* _Task directions_: Every line below is to be set down again exactly; any image stays out.

* _Dataset content_:
■ ■ ■ ■

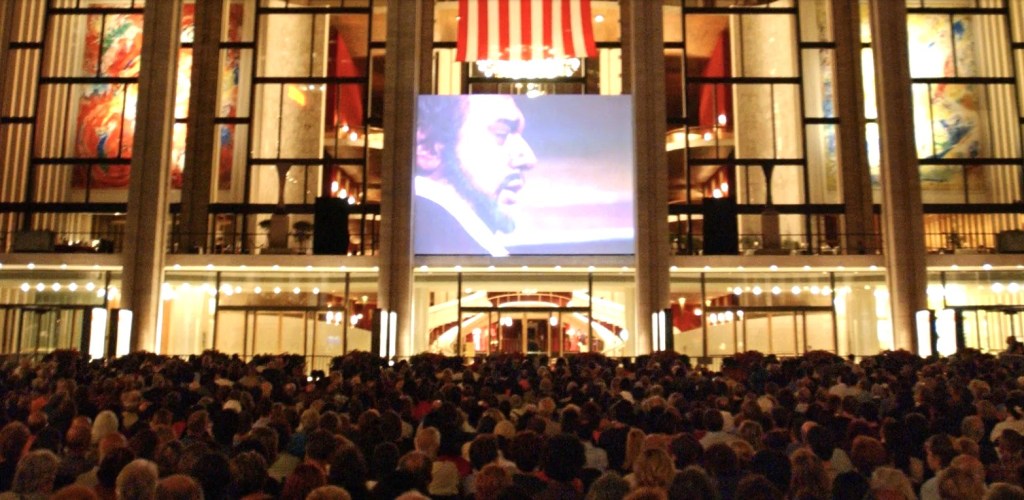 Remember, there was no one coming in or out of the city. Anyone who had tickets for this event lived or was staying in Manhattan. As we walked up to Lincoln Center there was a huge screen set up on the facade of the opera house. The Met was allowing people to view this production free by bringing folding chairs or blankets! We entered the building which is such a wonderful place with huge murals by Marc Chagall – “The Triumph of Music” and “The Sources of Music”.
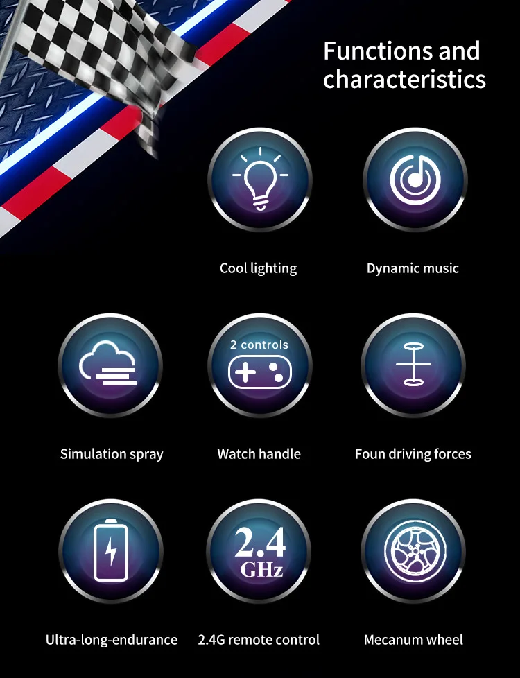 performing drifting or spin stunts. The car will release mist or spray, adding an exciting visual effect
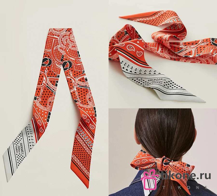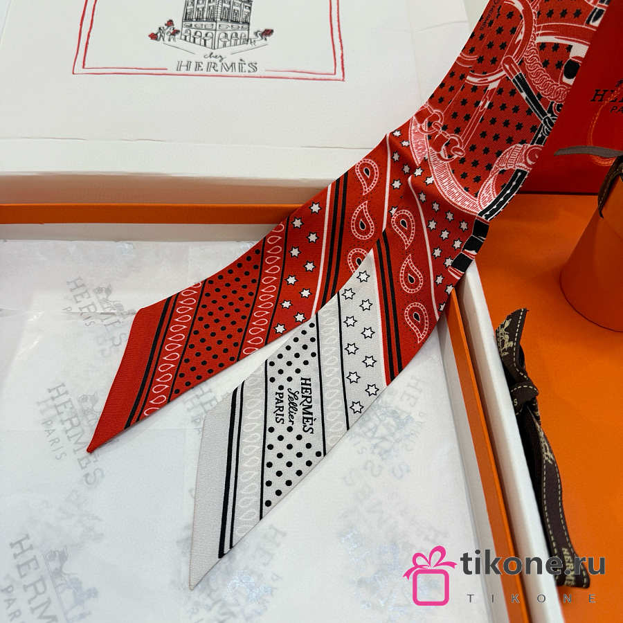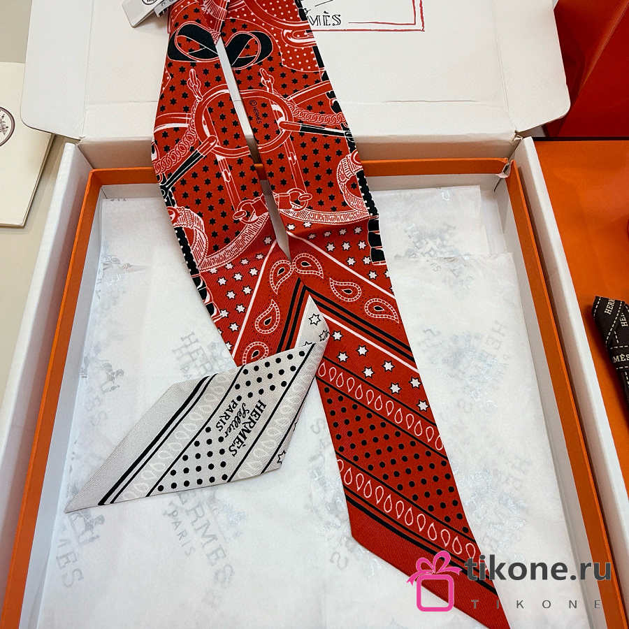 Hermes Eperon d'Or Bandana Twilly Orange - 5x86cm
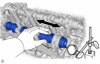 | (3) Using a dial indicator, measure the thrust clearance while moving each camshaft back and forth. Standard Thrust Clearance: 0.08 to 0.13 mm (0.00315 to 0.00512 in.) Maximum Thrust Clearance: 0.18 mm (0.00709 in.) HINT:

■ ■ ■ ■

* _Exercise answer_:
 Remember, there was no one coming in or out of the city. Anyone who had tickets for this event lived or was staying in Manhattan. As we walked up to Lincoln Center there was a huge screen set up on the facade of the opera house. The Met was allowing people to view this production free by bringing folding chairs or blankets! We entered the building which is such a wonderful place with huge murals by Marc Chagall – “The Triumph of Music” and “The Sources of Music”.
 performing drifting or spin stunts. The car will release mist or spray, adding an exciting visual effect
 Hermes Eperon d'Or Bandana Twilly Orange - 5x86cm
 | (3) Using a dial indicator, measure the thrust clearance while moving each camshaft back and forth. Standard Thrust Clearance: 0.08 to 0.13 mm (0.00315 to 0.00512 in.) Maximum Thrust Clearance: 0.18 mm (0.00709 in.) HINT:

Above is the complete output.